When it comes to keeping your mind active and healthy, you may often have heard the phrase ‘use it or lose it’. As we age, our mental abilities tend to change, and you may find your memory and reaction time aren’t quite what they used to be. But how exactly can you use your brain, and other helpful tips and tricks, to keep yourself feeling sharp.

 

  1. Brain training
    Brain training, or cognitive training, is a commonly used way of exercising your brain! Whether it’s a daily crossword, reading, or playing puzzle games, the mental stimulation can help to keep your mind alert and fresh – plus, it can be fun too!
  2. Exercise your body too
    Research has shown that regular physical exercise can help to improve cognitive function thanks to increased blood flow and antioxidant levels, alongside improving your focus and concentration. It can also benefit your mental health, helping to reduce feelings of anxiety and releasing those all-important endorphins in your body!
  3. Spend time outdoors
    Taking the time to get out into nature has been found to have a positive impact on mental health, reducing feelings of stress and helping you to relax. However, there are also some other benefits to getting outdoors for your brain! Vitamin D is an essential nutrient which plays a vital role in supporting your brain functions, while increased oxygen can help to provide greater clarity to the brain.  
  4. Get enough sleep
    Sleep is restorative and gives your body – including your brain – time to recover from the stresses of the day. For most adults, the optimum amount of sleep each night to support your cognitive functions is 7 hours. Getting enough sleep is essential for both your brain and your body and can enable you to concentrate better, process information more easily and think more clearly.
  5. Socialise
    Spending time with family and friends is good for the soul, and can improve your mental wellbeing, helping to reduce feelings of stress and anxiety thanks to the dopamine (also known as the ‘feel-good’ hormone) your body releases. Socialising also provides stimulation for your brain while allowing you to spend time with people you love, doing things you enjoy!

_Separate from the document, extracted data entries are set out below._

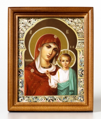 Икона в деревянной рамке №1 11х13 двойное тиснение Казанская БМ 38
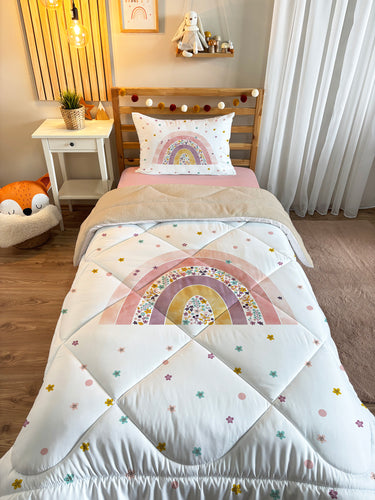 Üst üste yerleştirilmiş renkli çizgileri ve çiçek desenleri ile tam bir gökkuşağı estetiği sunan Peluş Yorgan, çocuklarınıza sıcak ve rahat bir uyku ortamı sağlar. 🌈 💤 Diğer çocuk tekstil ürünleri ile kombin yaparak odanıza hareket katabilirsiniz.
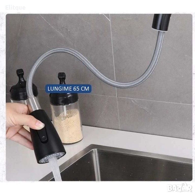 Кухненският смесител с издърпващ се душ в матово черно е идеалното допълнение за всяка модерна кухня. Със своя елегантен дизайн и висококачествени материали, този смесител предлага не само стил, но и изключителна функционалност. Издърпващият се чучур и въртящият се на 360° чучур предоставят максимална гъвкавост, докато бутонът за смяна на струята и единичният контрол на температурата и налягането на водата осигуряват лесно управление и комфорт. Изработен от хранителна стомана с никелово покритие, този смесител е устойчив на корозия и лесен за почистване, което го прави перфектен избор за всеки, който търси дълготраен и стилен кухненски аксесоар.
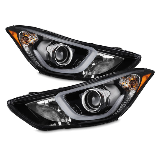 AKKON - Fit 2011-2016 Elantra Sedan [Halogen Type] LED Tube DRL Running Projector Black Headlights Pair Driver+Passenger
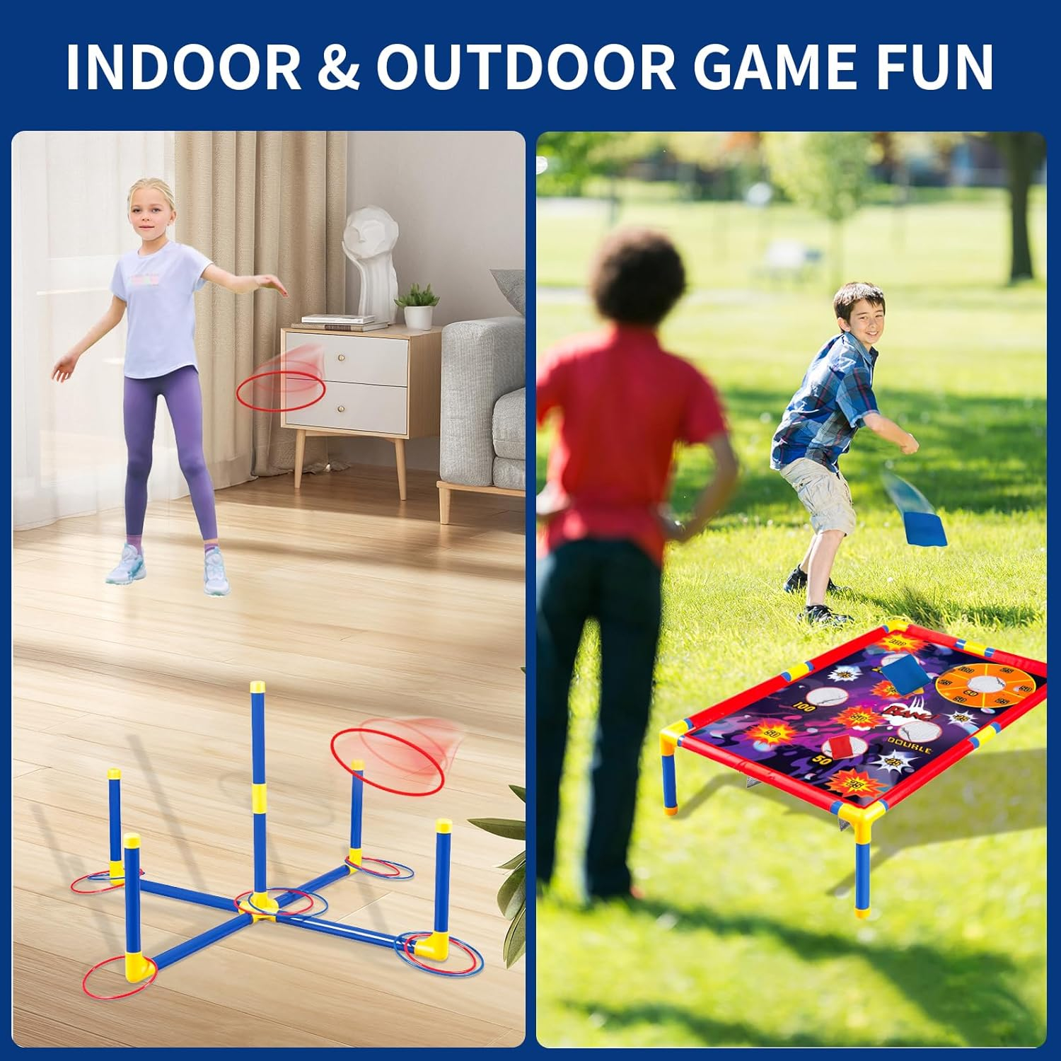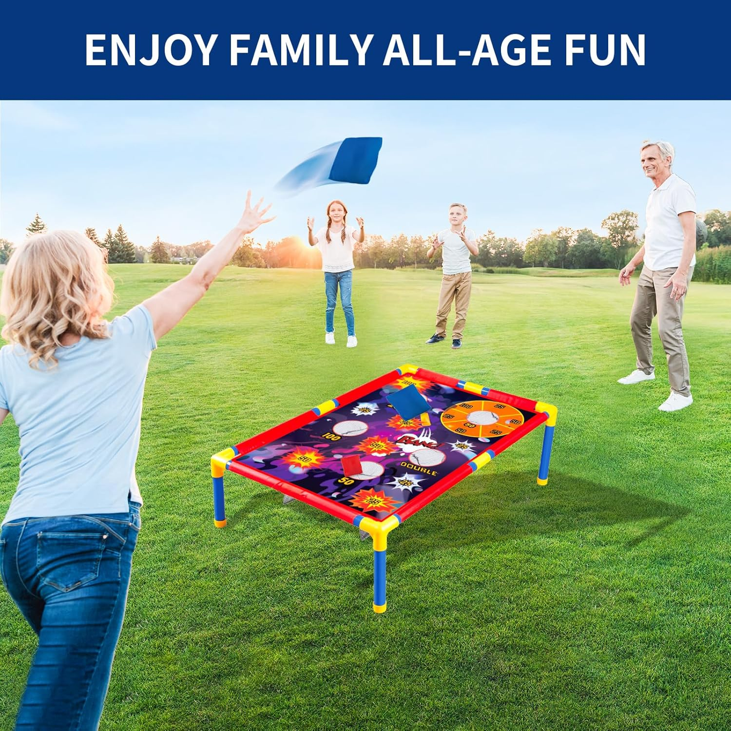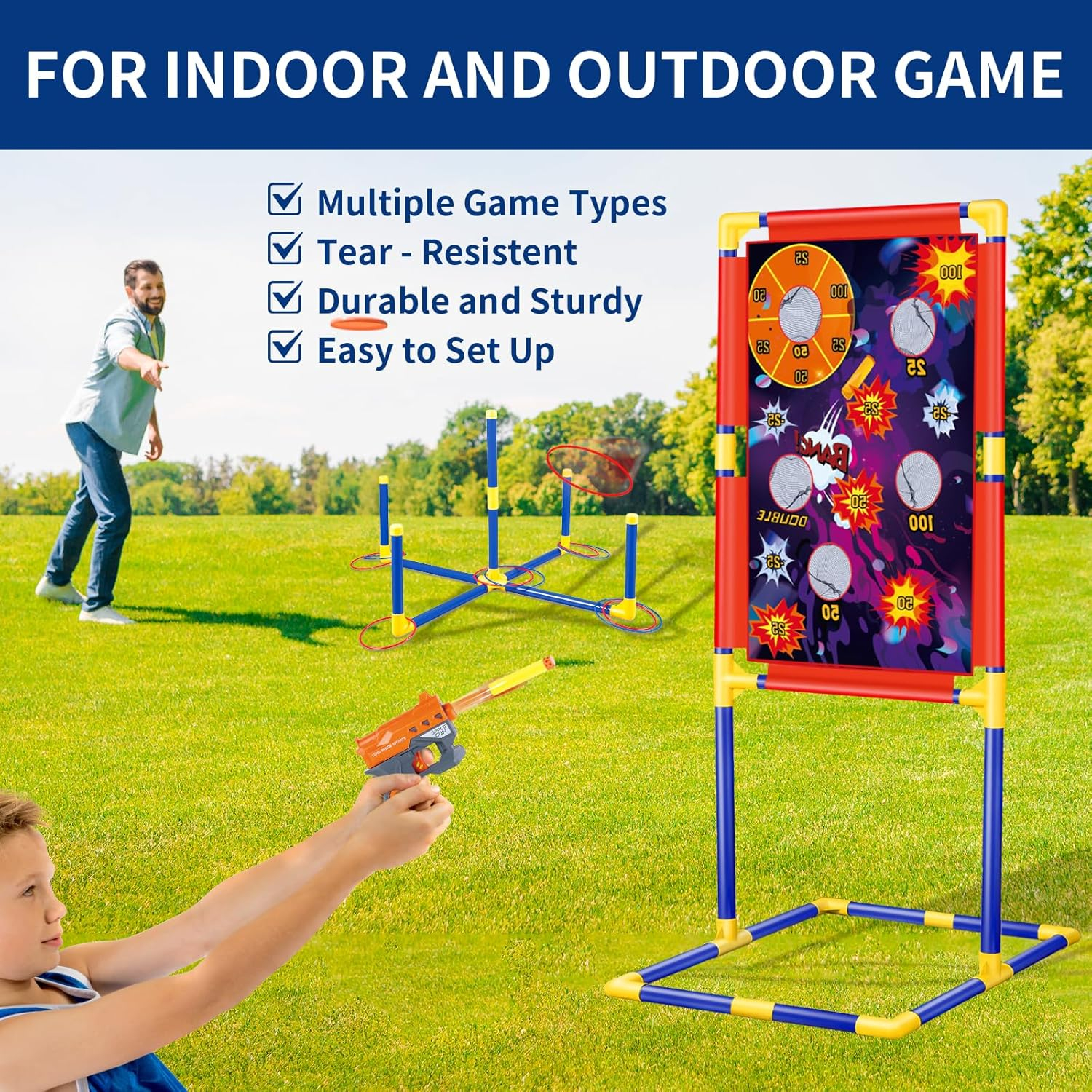 3-IN-1 MULTI-JOC STAND FOR ENDLESS FUN -Acest kit versatil de joc în aer liber în aer liber poate fi asamblat ca o țintă de aruncare a sacului de fasole, ținta de fotografiere sau ținta de joc de tosing inel. (Accesia de stand este concepută pentru un singur joc la un moment dat) Perfect pentru joacă în aer liber în grădină, curți sau parcuri, oferă ore de divertisment pentru copiii care iubesc jocurile active

  6. Follow a healthy and balanced diet
    Eating a diet that is rich in nutrients from fruits and vegetables, and lower in fats can help to reduce the risk of a decline in your cognitive health. Research has indicated that people who follow a Mediterranean diet, where meals are built around vegetables, beans and grains, with high-fat foods included in moderation, have been found to be less likely to develop cognitive conditions like dementia.

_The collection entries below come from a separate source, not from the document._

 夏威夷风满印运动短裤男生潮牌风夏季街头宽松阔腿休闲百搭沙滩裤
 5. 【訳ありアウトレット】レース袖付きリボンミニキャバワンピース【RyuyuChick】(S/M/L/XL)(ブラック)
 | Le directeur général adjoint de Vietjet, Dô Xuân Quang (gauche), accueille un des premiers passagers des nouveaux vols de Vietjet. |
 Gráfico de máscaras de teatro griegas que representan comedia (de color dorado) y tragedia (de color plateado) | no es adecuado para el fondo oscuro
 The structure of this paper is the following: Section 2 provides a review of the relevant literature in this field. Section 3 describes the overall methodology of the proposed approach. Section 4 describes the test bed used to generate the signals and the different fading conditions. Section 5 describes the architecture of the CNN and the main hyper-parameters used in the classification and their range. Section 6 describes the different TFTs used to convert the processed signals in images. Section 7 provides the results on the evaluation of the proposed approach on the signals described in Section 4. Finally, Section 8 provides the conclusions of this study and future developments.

  7. Support your brain health with supplements
    As we age, our absorption of nutrients can become less efficient than it may have been when we were younger, meaning we can often benefit from additional goodness from a supplement. Research has shown that people with mild cognitive impairment benefitted from supplementing their daily intake of B vitamins, with the benefits further enhanced in those who had a good intake of omega-3.  

It can be normal for our thinking skills to show signs of decline as we age, but with some tips and tricks, you can help to keep your brain healthy and active.